The U.S. stock market was closed on Wednesday due to the Juneteenth holiday, but the crypto market continued to trade, with Bitcoin trading sideways and altcoins recovering.

According to Bitpush data, BTC rebounded to $65,700 before the early trading session, but the bullish momentum failed to continue and fell to around $64,678 around midday Eastern Time. As of press time, the latest trading price of Bitcoin is $65,049.6, with a 24-hour volatility of less than 1%.

Altcoins benefited from positive news related to regulation by the U.S. Securities and Exchange Commission (SEC), with most of the top 100 altcoins by market cap seeing gains.

Consensys previously announced that the U.S. SEC had notified the company that the agency would end its investigation into ETH 2.0, calling it a major victory for the industry.

In the past 24 hours, Fetch.AI (FET) led the gains, up 21.11%, followed by Akash Network (AKT), up 19.98%, and SingularityNET (AGIX), up 19.93%. JasmyCoin (JASMY) led the losses, down 4.46%, followed by Toncoin (TON), down 1.52%, and Monero (XMR), down 1.15%.

Bitcoin went sideways, with whales selling over   billion worth of BTC in two weeks

The current overall market value of cryptocurrencies is $2.36 trillion, with Bitcoin accounting for 54% of the market share.

Whales Sold Over $1 Billion in BTC in the Last Two Weeks

On-chain analysis firm CryptoQuant said in a report on Wednesday that whale addresses have sold more than $1.2 billion worth of BTC in the past two weeks, and they are likely to have sold through brokers rather than on the open market. The report believes that long-term Bitcoin holders and miners are among the largest sellers of the asset in the past two weeks.

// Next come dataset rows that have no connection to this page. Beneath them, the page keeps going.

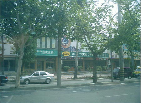 シルクロードへ続く西側の通り。隊商や旅人ははここからはるばる西域へ向かったのだが、現在は高層ビルが並んでいて
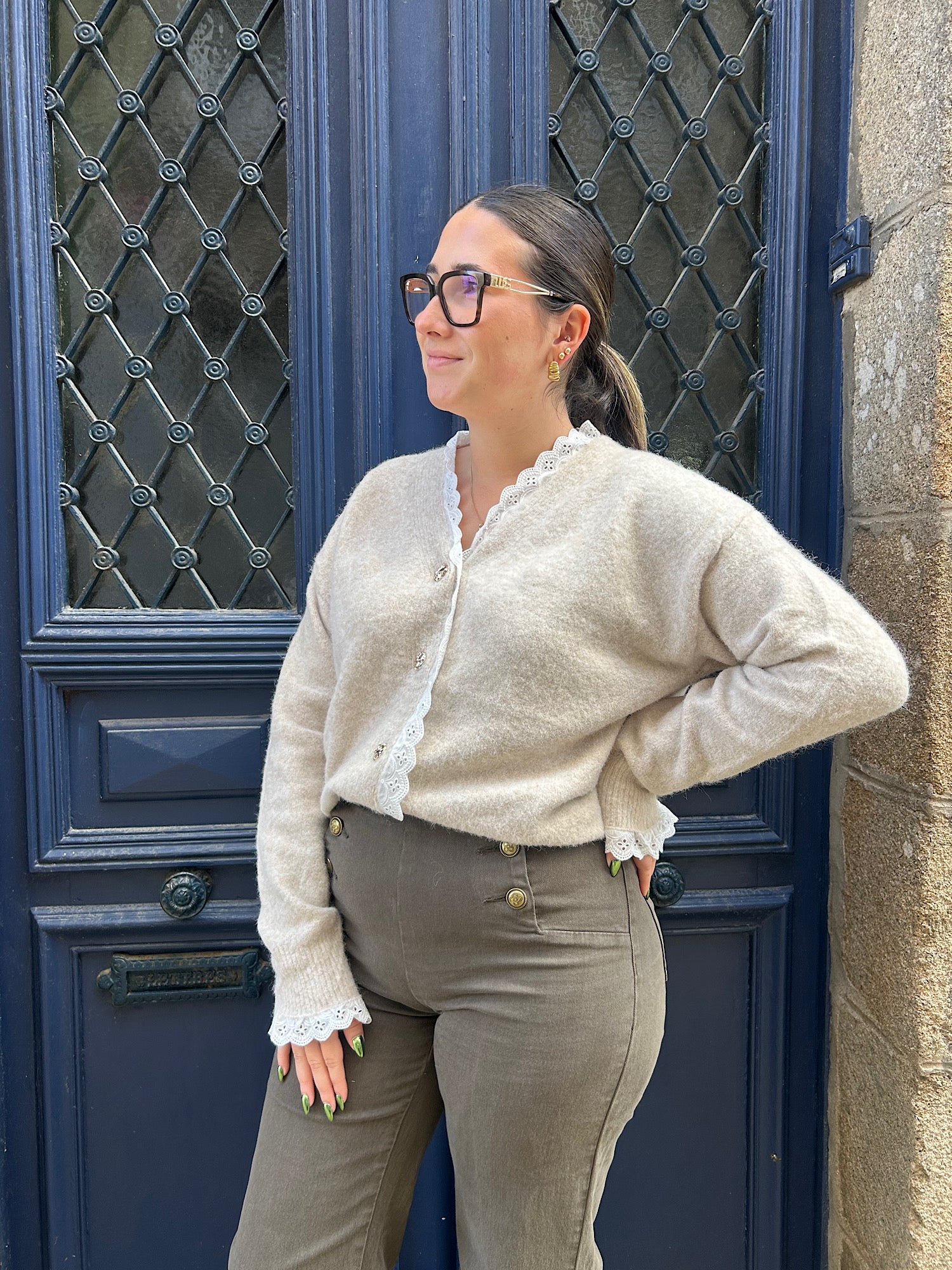 Détail dentelle le long de la boutonnière et aux manches
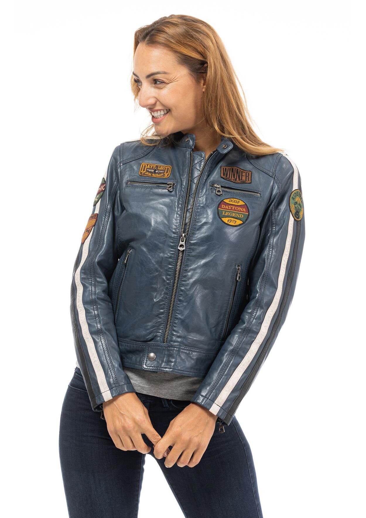Wie konnen Sie dieser herrlichen Lammlederjacke fur Damen widerstehen? Wirklich trendig und originell, dank seines Schnitts im Biker-Stil, seines Farbspiels, seiner Abzeichen, Einsätze usw. Wir finden einen Schnitt im Biker-Stil mit seinem kleinen Stehkragen und seinen farbigen Lederstreifen. Aber wir behalten einen urbaneren Look bei, denn das Leder ist geschmeidig, bequem, ohne Schale und passt sich dem Korper an, was fur mehr Weiblichkeit sorgt. Tatsächlich handelt es sich um Lammleder, geschmeidig, recht fein, ideal fur die Zwischensaison. Daruber hinaus bleibt das Futter recht leicht, aus Baumwolle und Polyester, bequem, mit zwei Innentaschen, praktisch fur Ihre personlichen Gegenstände. Uns gefallen die vielen Details, die ihm Originalität, Modernität usw. verleihen, wie die Aufnäher und die Lederbänder oben an den Ärmeln. Die Lederjacke wird mit einem Reißverschluss geschlossen, hat Brusttaschen mit Reißverschluss und zwei schräge Taschen. Sie haben bequeme Reißverschlusse an der Unterseite der Ärmel, schoner, die Jacke schmiegt sich gut an den Korper an und spendet mehr Energie.
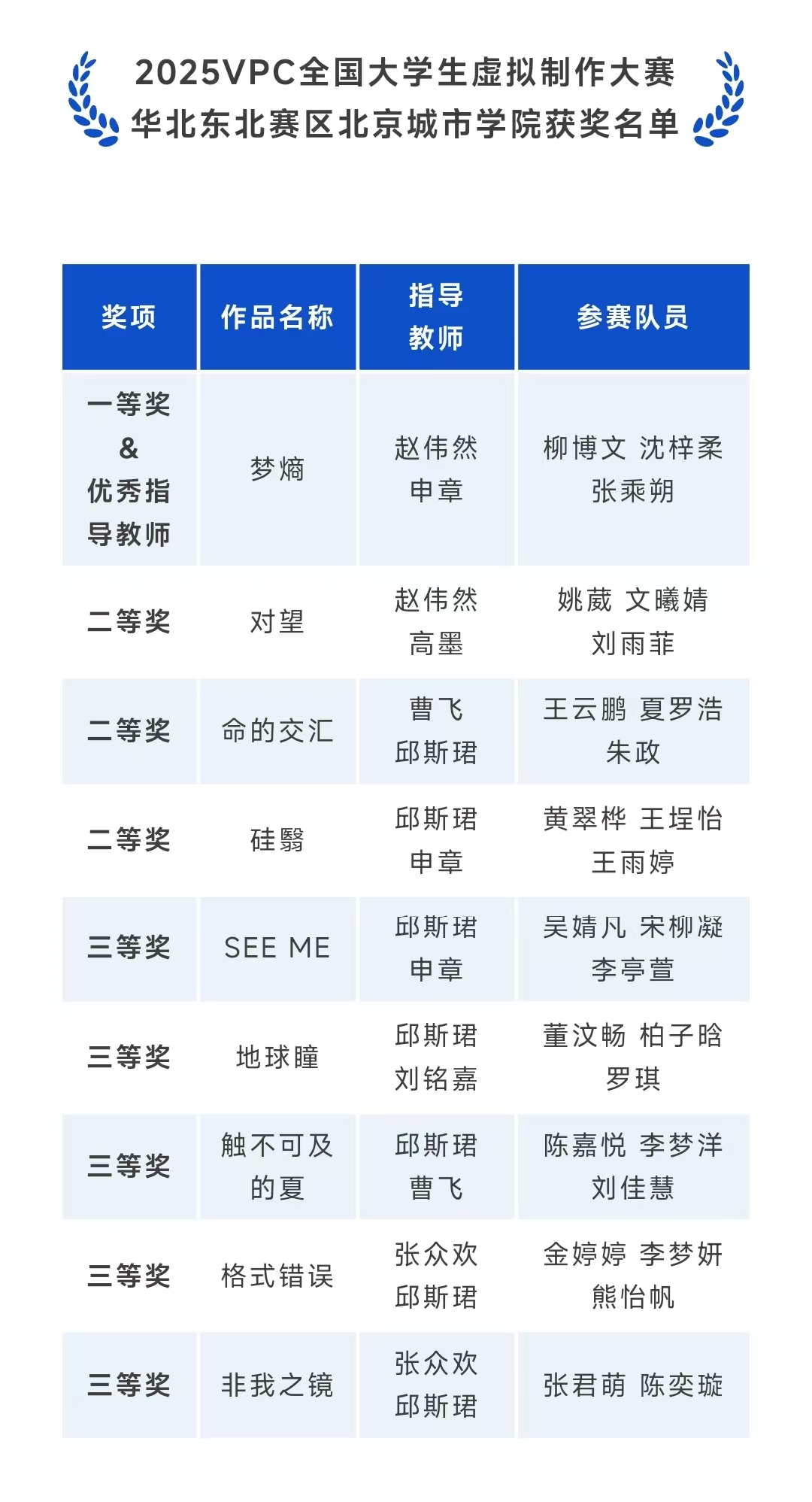 近日,2025VPC全国大学生虚拟制作大赛获奖名单公布,由我校表演学部教师赵伟然、申章指导,教师李鹏、于点倾情演绎,学生柳博文、沈梓柔、张乘朔制作的科幻短片作品《梦熵》荣获华北东北赛区一等奖,由曹飞、张众欢、刘铭嘉、邱斯珺等教师指导的其余6支参赛队伍分别荣获二、三等奖。

Bitcoin went sideways, with whales selling over   billion worth of BTC in two weeks

Traders have not yet increased their holdings of Bitcoin, and demand growth from large players (whales) remains lacking momentum. Stablecoin liquidity continues to slow, with growth rates hitting their lowest level since November 2023, the analysts wrote.

Market observers say miners may be increasingly turning their attention to the recently popular artificial intelligence (AI) field rather than Bitcoin, leading them to sell Bitcoin rewards rather than hold them.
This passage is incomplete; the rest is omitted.